● **Requirement**
Copy the following data exactly and drop the pictures.

=== Records provided ===

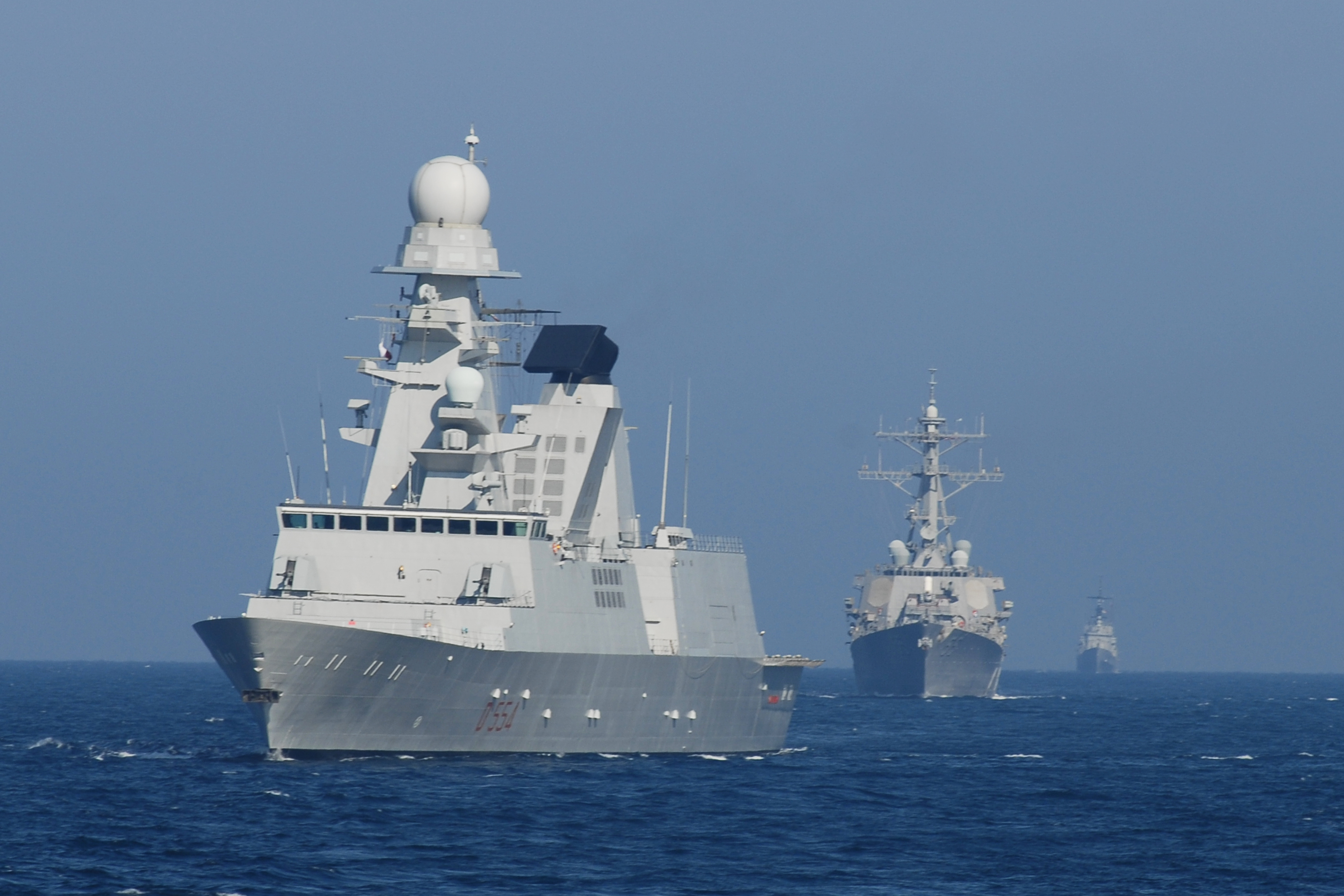 ITS Duilio
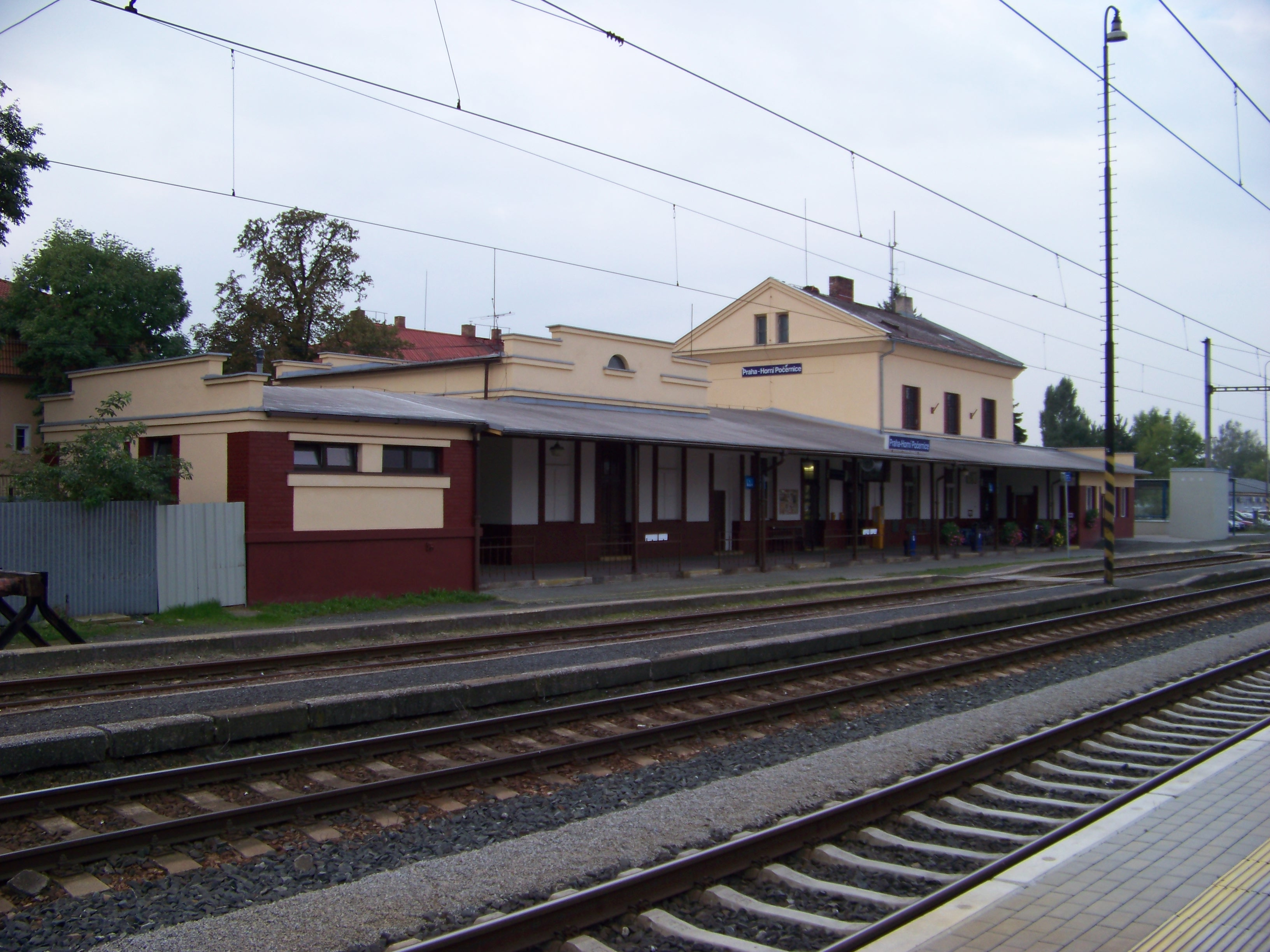 Prague-Horní Počernice, Czech Republic. Train station Praha-Horní Počernice.
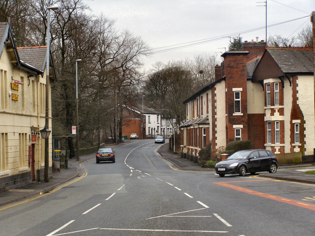 Birch
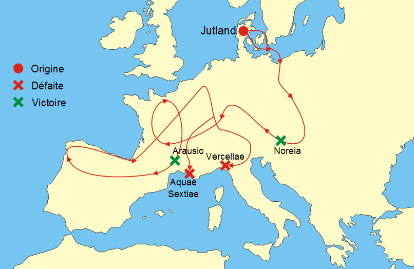 Based on Bild:Kimbern Teutonen Wanderung.png Author: User:Tzzzpfff Version with German captions: Image:Kimbern Teutonen Wanderung.png Version with Italian captions: Image:Cimbrians and Teutons - it.png
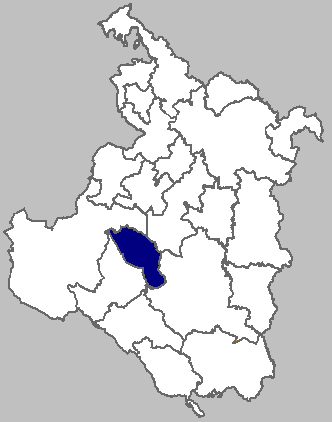 Self-made map of Tounj municipality within Karlovac County.
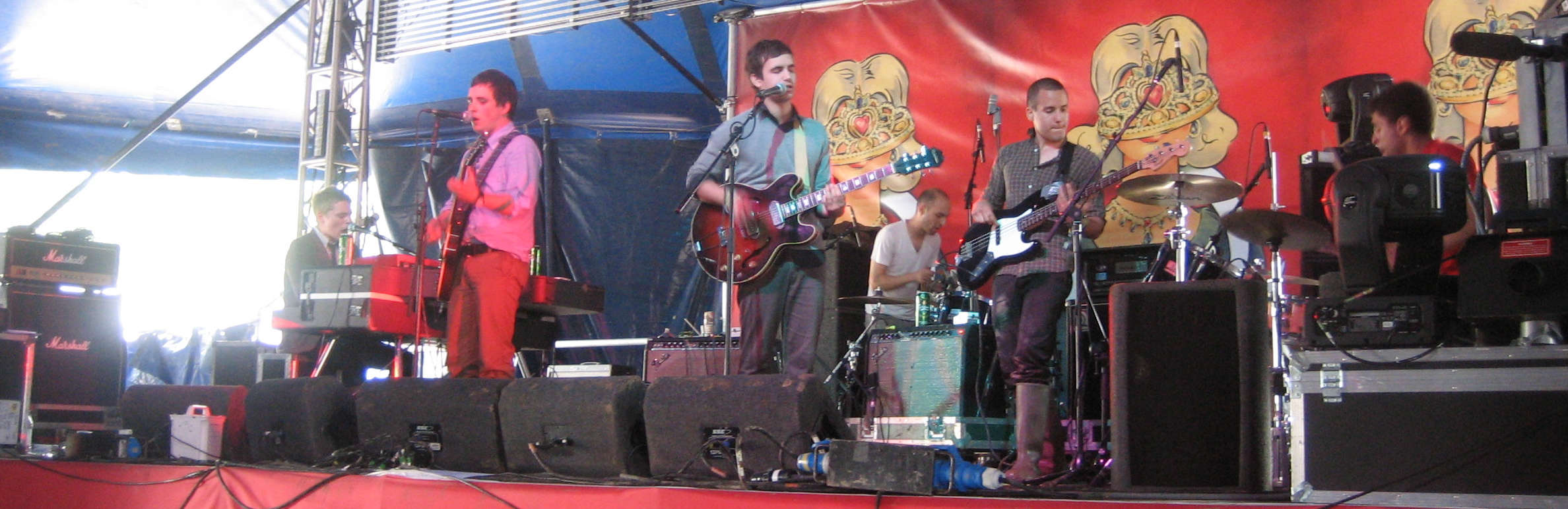 White Rabbits playing the Queens Head Stage at Glastonbury Festival 2007
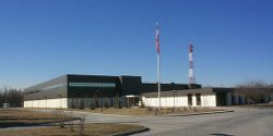 United States Department of Transportation Federal Aviation Administration Anchorage Air Route Traffic Control Center
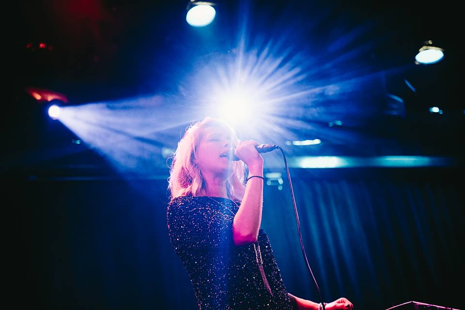 Beca Live at (le) poisson rouge, 2015. Photo by Ryan Muir.
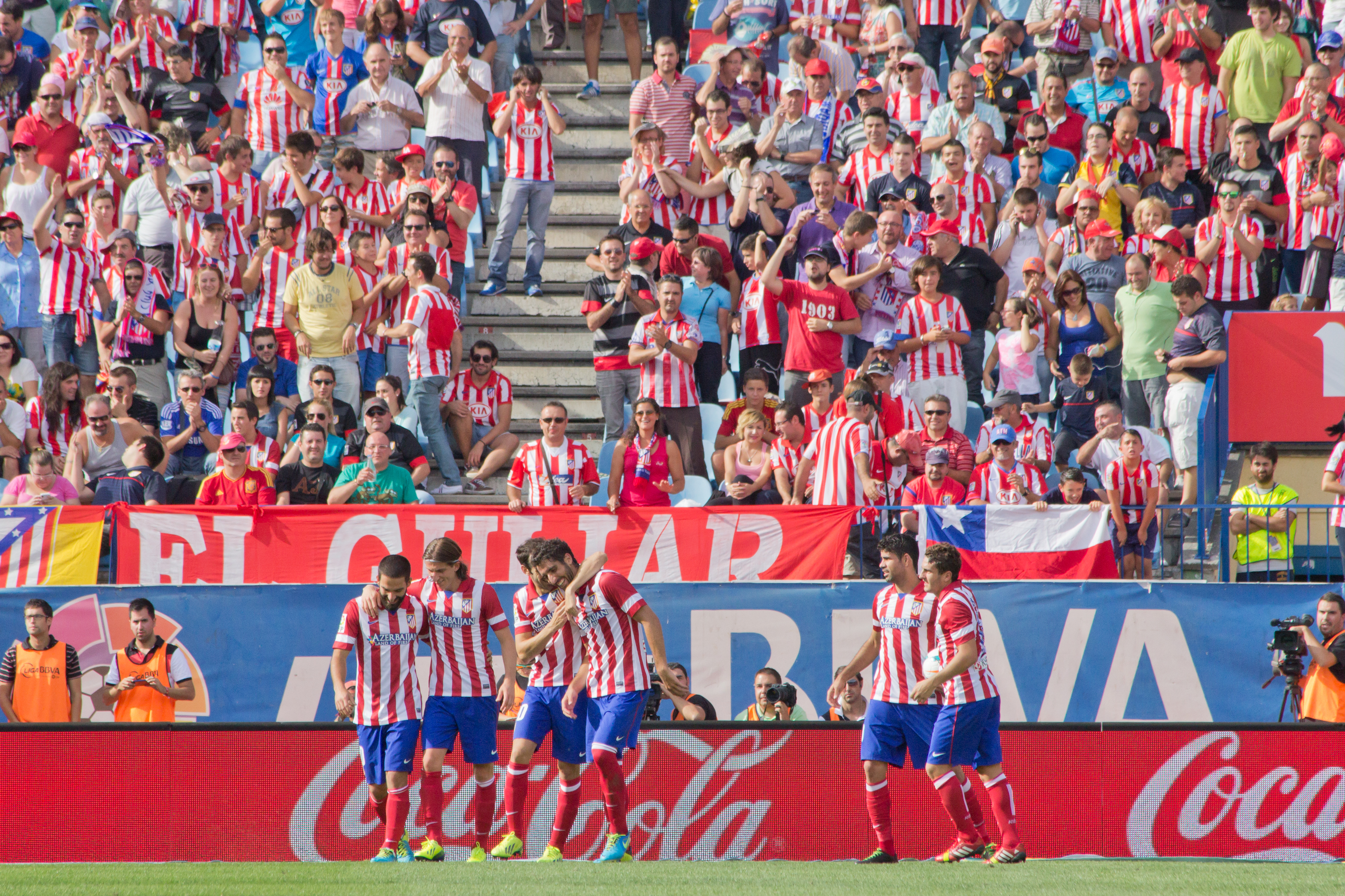 Some players of Atlético de Madrid celebrating a goal.
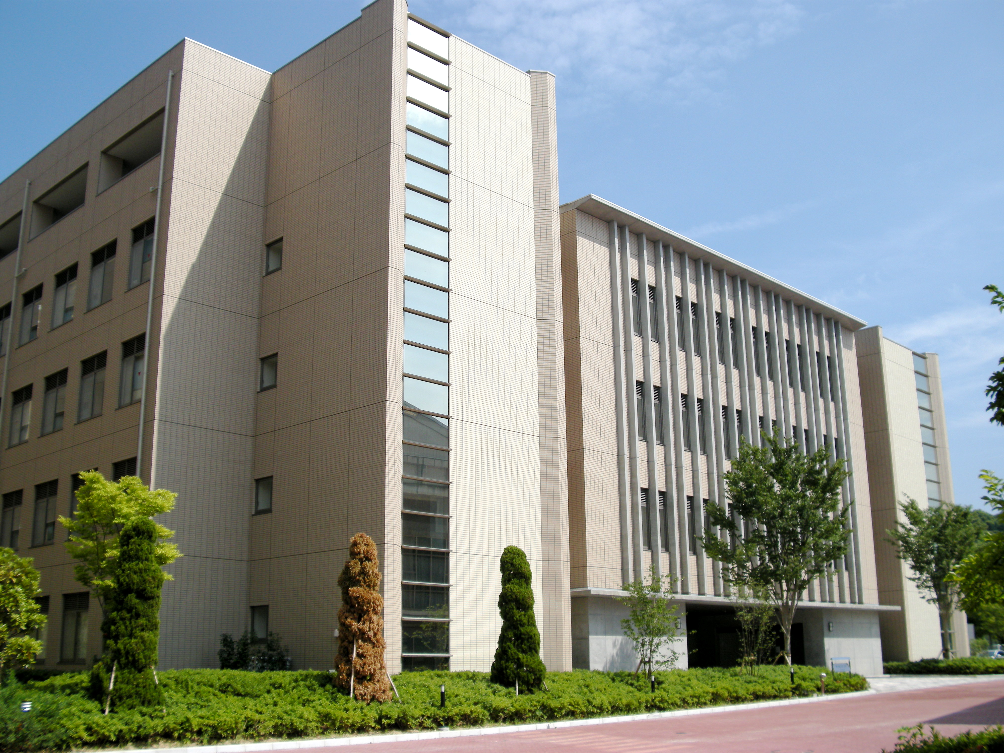 Science Core, (Biwako Kusatsu Campus, Ritsumeikan University, Japan)

===

● **Answer for this exercise**
 ITS Duilio
 Prague-Horní Počernice, Czech Republic. Train station Praha-Horní Počernice.
 Birch
 Based on Bild:Kimbern Teutonen Wanderung.png Author: User:Tzzzpfff Version with German captions: Image:Kimbern Teutonen Wanderung.png Version with Italian captions: Image:Cimbrians and Teutons - it.png
 Self-made map of Tounj municipality within Karlovac County.
 White Rabbits playing the Queens Head Stage at Glastonbury Festival 2007
 United States Department of Transportation Federal Aviation Administration Anchorage Air Route Traffic Control Center
 Beca Live at (le) poisson rouge, 2015. Photo by Ryan Muir.
 Some players of Atlético de Madrid celebrating a goal.
 Science Core, (Biwako Kusatsu Campus, Ritsumeikan University, Japan)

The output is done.